Data entries:
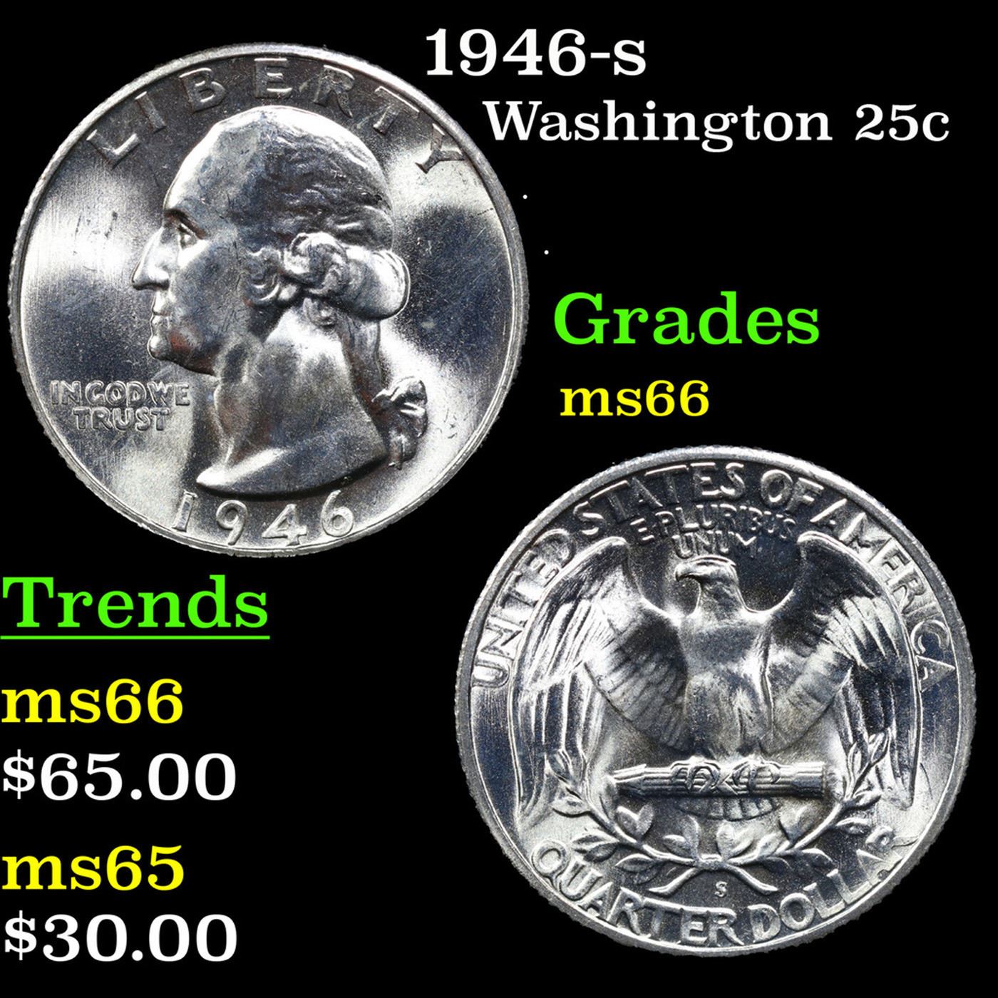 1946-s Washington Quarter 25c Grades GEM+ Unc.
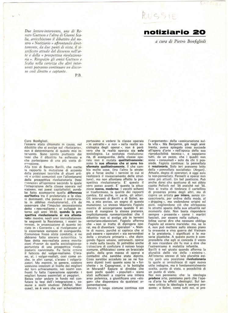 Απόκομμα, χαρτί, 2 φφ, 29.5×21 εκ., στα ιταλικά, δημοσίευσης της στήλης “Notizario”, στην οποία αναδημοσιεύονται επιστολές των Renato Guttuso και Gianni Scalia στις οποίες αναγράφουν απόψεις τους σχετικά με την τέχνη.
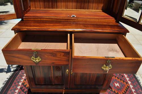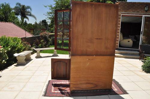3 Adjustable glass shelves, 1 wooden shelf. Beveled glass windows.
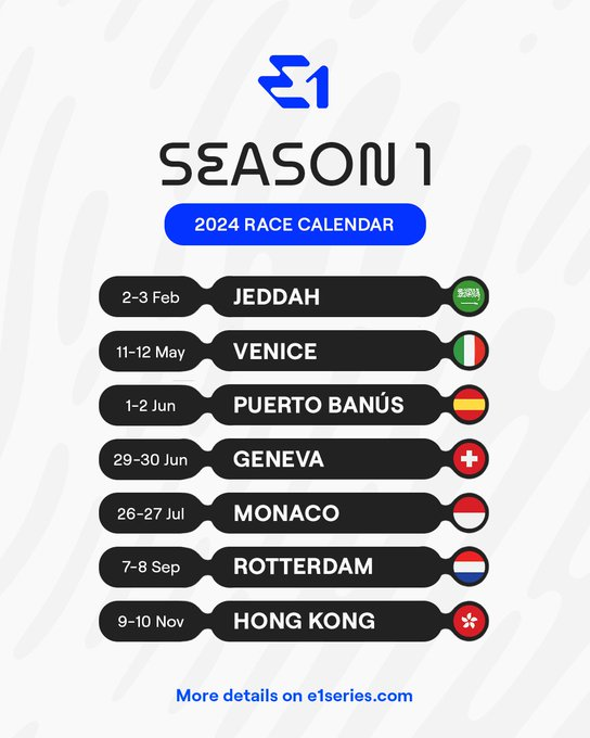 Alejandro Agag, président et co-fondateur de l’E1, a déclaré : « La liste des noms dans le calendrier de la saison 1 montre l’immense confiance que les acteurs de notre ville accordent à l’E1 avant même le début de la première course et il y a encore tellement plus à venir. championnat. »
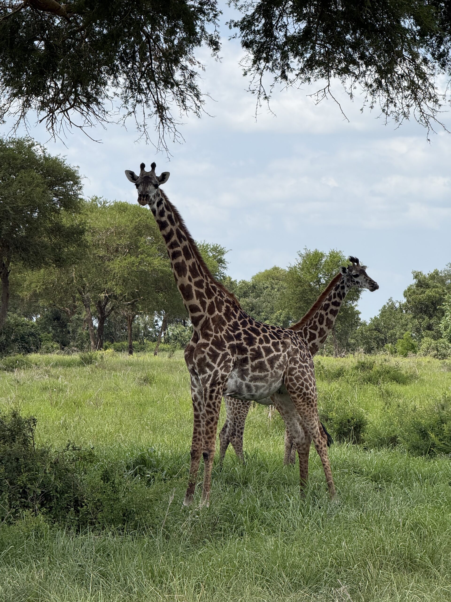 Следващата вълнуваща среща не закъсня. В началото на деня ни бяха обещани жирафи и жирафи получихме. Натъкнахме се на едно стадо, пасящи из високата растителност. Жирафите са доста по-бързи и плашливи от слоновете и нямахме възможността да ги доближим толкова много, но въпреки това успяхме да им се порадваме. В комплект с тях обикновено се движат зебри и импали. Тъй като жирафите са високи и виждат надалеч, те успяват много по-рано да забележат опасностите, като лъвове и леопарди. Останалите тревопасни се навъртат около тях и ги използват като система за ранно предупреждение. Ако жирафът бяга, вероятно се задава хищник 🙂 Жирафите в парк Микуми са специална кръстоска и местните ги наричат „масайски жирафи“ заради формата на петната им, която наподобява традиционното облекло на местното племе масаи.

Your assignment:
Set the records down again word for word; the pictures stay out.

Your response:
 1946-s Washington Quarter 25c Grades GEM+ Unc.
 Απόκομμα, χαρτί, 2 φφ, 29.5×21 εκ., στα ιταλικά, δημοσίευσης της στήλης “Notizario”, στην οποία αναδημοσιεύονται επιστολές των Renato Guttuso και Gianni Scalia στις οποίες αναγράφουν απόψεις τους σχετικά με την τέχνη.
3 Adjustable glass shelves, 1 wooden shelf. Beveled glass windows.
 Alejandro Agag, président et co-fondateur de l’E1, a déclaré : « La liste des noms dans le calendrier de la saison 1 montre l’immense confiance que les acteurs de notre ville accordent à l’E1 avant même le début de la première course et il y a encore tellement plus à venir. championnat. »
 Следващата вълнуваща среща не закъсня. В началото на деня ни бяха обещани жирафи и жирафи получихме. Натъкнахме се на едно стадо, пасящи из високата растителност. Жирафите са доста по-бързи и плашливи от слоновете и нямахме възможността да ги доближим толкова много, но въпреки това успяхме да им се порадваме. В комплект с тях обикновено се движат зебри и импали. Тъй като жирафите са високи и виждат надалеч, те успяват много по-рано да забележат опасностите, като лъвове и леопарди. Останалите тревопасни се навъртат около тях и ги използват като система за ранно предупреждение. Ако жирафът бяга, вероятно се задава хищник 🙂 Жирафите в парк Микуми са специална кръстоска и местните ги наричат „масайски жирафи“ заради формата на петната им, която наподобява традиционното облекло на местното племе масаи.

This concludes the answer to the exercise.